Leo en el Diario de Mallorca que las quejas llegadas a el ayuntamiento de Palma por las plagas urbanas más comunes —cucarachas, ratas, mosquitos— han caído un 35% en los últimos años. Una noticia así tiene, cómo no, numerosas lecturas. La interpretación más satisfactoria para los intereses de las autoridades municipales vendría dada de haberse culminado con éxito las campañas de prevención de plagas, una interpretación a la que apoyan datos estadísticos como es el que sostiene que la población de ratas resulta estable desde hace un par de años gracias a los tratamientos antiplagas. Pero que el número de ratas no crezca dudo mucho que sea una razón suficiente para dejar de quejarse por los muchos roedores que quedan de todos modos.

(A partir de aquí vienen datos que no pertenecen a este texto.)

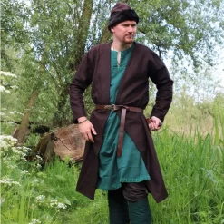 An example of a short asymmetrical caftan was found in Haithabu. In some graves in Birka, brooches are found at hip-level, which suggests caftans were closed with a brooch or pin. But of course the caftan can also be closed with a belt.

Las reclamaciones en descenso suelen deberse a la desesperación y ésta, a su vez, tiene dos fuentes principales. La primera, que quienes acostumbran a quejarse dejen de hacerlo por cansancio o por el convencimiento de que sirve de poco. Ya estamos en que el último derecho que nos queda a los vecinos es el del pataleo pero hasta ése se vuelve inútil al cabo. Patalear de continuo cansa, y más aún si nadie acompaña dando palmas.

La segunda y más probable razón de que las quejas disminuyan es la del mundo lleno de preocupaciones que nos llegado de la mano de la doble crisis, la sanitaria y la económica. Recluidos en nuestros domicilios durante un año y sin ver la luz al final del túnel en los doce meses siguientes, las tolerancias y las intolerancias cambian de rango. Prestar atención a lo que antes nos desesperaba se ha vuelto un par de años después parte de ese mundo que hemos perdido, quizá para siempre.

Cuando toda Europa se está dividiendo en dos partes que se alejan a velocidad considerable la una de la otra: el conjunto de quienes siguen con el miedo en el cuerpo, se han vacunado en cuanto han tenido ocasión, no salen a la calle sin mascarilla y evitan entrar, si pueden, en locales cerrados y el grupo del todo opuesto que engloba a los negacionistas y a los indiferentes, dispuestos a volver a los usos de antes por mucho que se advierta de los repuntes en los contagios, de los atascos en los centros sanitarios y de las muertes que no se logran contener. Si a esa especie de dicotomía social que lleva camino de prolongarse en el tiempo se añade que las medidas que se toman para recuperar el empleo perdido apenas han dado de momento resultados visibles, y con las alarmas sobre mínimos vitales, pensiones y subsidios de desempleo creciendo, detenernos en las cucarachas, los mosquitos y las ratas que antes nos alarmaban tanto viene a ser como fijarse en el detalle de esas plagas cuando uno está viendo una de las películas de catástrofe crepuscular que cada vez abundan más. En vez de plagas urbanas de las de antes, lo que yo echo a faltar son los profetas anunciando la llegada del fin del mundo. Por suerte, no son de competencia municipal.